According to scholars, thousands of colossal structures constructed from rock walls in Saudi Arabia are in fact older than Egypt’s pyramids and Britain’s ancient stone circles, with an average age of 7,000 years, making them the earliest ceremonial landscape ever discovered.

The enigmatic structures scattered across the desert in northwestern Saudi Arabia, named “mustatils” from the Arabic word for “rectangle”, are much older than initially thought, according to a study published on Thursday in the journal Antiquity.

That’s a lot older than anyone imagined, and it’s about 2,000 years older than both Stonehenge and the oldest Egyptian pyramid.
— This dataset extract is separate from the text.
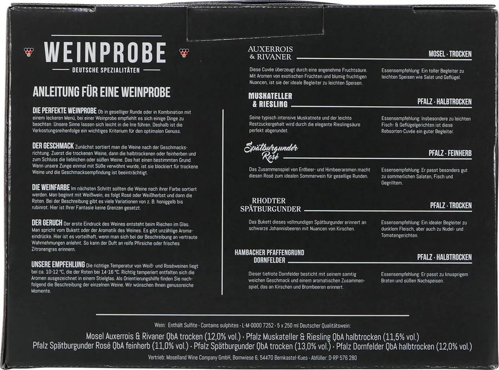 Schreibe die erste Rezension für „Moselland 5er Geschenkpack Weinprobe Rebsorten Spezialitäten 5 X 250ml“ Antwort abbrechen
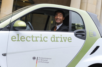 5月16日,德國新經(jīng)濟部長勒斯勒爾在柏林試駕一輛電動車。 德國總理默克爾當(dāng)日宣布,為了讓德國在未來電動汽車市場能居主導(dǎo)地位,政府未來幾年內(nèi)將通過加倍投入研發(fā)資金、稅務(wù)優(yōu)惠和給使用電動汽車提供“特權(quán)”便利三管齊下的措施,助推德國的電動汽車發(fā)展計劃。

Interestingly, according to the research, the mustatils were perharps part of an ancient “cattle cult” that celebrated the animals, as shown by ancient rock drawings depicting herds of cattle that must have been essential to the Neolithic people’s survival in the region.

“We think of them as a monumental landscape,” Melissa Kennedy, an archaeologist at the University of Western Australia in Perth and study author, said. “We are talking about over 1,000 mustatils. These things are found over 200,000 square kilometres [77,000 square miles], and they’re all very similar in shape … so perhaps it’s the same ritual belief or understanding.”

“There must have been a great level of communication over a very big area, because how they were constructed was communicated to people,” archaeologist and lead author Hugh Thomas said.